Summer in the Cyclades
Summer in the Cyclades begins in May and ends in early October.
Under normal conditions, the temperature in May and September reaches 19 to 20 degrees Celsius, while in June, July and August the minimum is 25 degrees and can reach 32 to 35 degrees.
The meltemia [etesian winds], which intensify in July and August, bring relief from the sweltering heat, and thus one only rarely experiences a heat wave. However, the north winds often blow with great force, consequently making the sea dangerous—particularly for amateur yachtspersons. The winds intensify in the morning and afternoon hours, and die down in the evening.
Do not be fooled, however, even though it may be windy; the sun still reigns supreme in the Cyclades, giving life to us and to everything around us—but this is beneficial only when we exercise prudence whenever we are exposed to it and also use sunscreen protection.
At sunset, humidity makes its appearance and it gets chilly, especially near the water. For this reason, it is recommended that visitors pack a light jacket, light sweater or sweatshirt in their suitcase for their evening outings next to the waves.
The specialties of the island are, of course, fish and seafood mezedes, the treasures of the sea. Antiparos is renowned for its octopus. Just as on all Cycladic isles, here too you can sample delicious cuttlefish, squid, small fry and fresh Aegean lobster.
Among the local dairy products, ‘ksinomyzithra’ really stands out. A popular island cheese with a creamy texture, ksinomyzithra goes well with almost any dish, though it is most commonly found in a ‘dako’ [wheat rusk topped with tomato, onion, olive oil, capers, oregano and feta or ksinomyzithra]. It just absolutely goes so well with home-cut French fries!
Although we can enjoy tomatoes all year round thanks to greenhouses, they are naturally in season in summer. Other summertime garden vegetables are cucumbers, green peppers, green beans, courgettes and eggplants. On the islands, owing to the uncontaminated earth and cultivation methods used, the tastiness of the garden vegetables mentioned above has remained unchanged through time and we can pride ourselves in the fact that on the islands ‘a tomato smells like a tomato’.Τhe same goes for fruit. Summertime fruits include watermelons, grapes, melons, figs (in August), prickly pears (end of August), pears and pomegranates.
If you intend to spend the night at a campsite, here is a brief list for beginners:
- Sleeping Bag
- Sleeping Pad (for underneath, to avoid getting a stiff back!)
- Tent (if you have your own; otherwise, you can rent one at the campsite)

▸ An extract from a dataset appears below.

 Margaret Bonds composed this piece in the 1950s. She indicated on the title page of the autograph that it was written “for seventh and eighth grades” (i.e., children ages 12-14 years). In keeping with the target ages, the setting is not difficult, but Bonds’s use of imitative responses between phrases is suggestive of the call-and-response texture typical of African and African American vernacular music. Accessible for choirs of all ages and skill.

- Plastic beach slippers (for the shower)
- Toilet Paper (if you forget it, you can get some at the campsite’s mini-market)
- Toothpaste, shampoo, body wash
- A small lock (to lock the tent—just in case!)
- A flashlight (you’ll be using it a lot!)
- A light jacket, light sweater or sweatshirt (for the chill at night by the water)
- A plastic bag (to put in it the clothes, etc you need for your shower).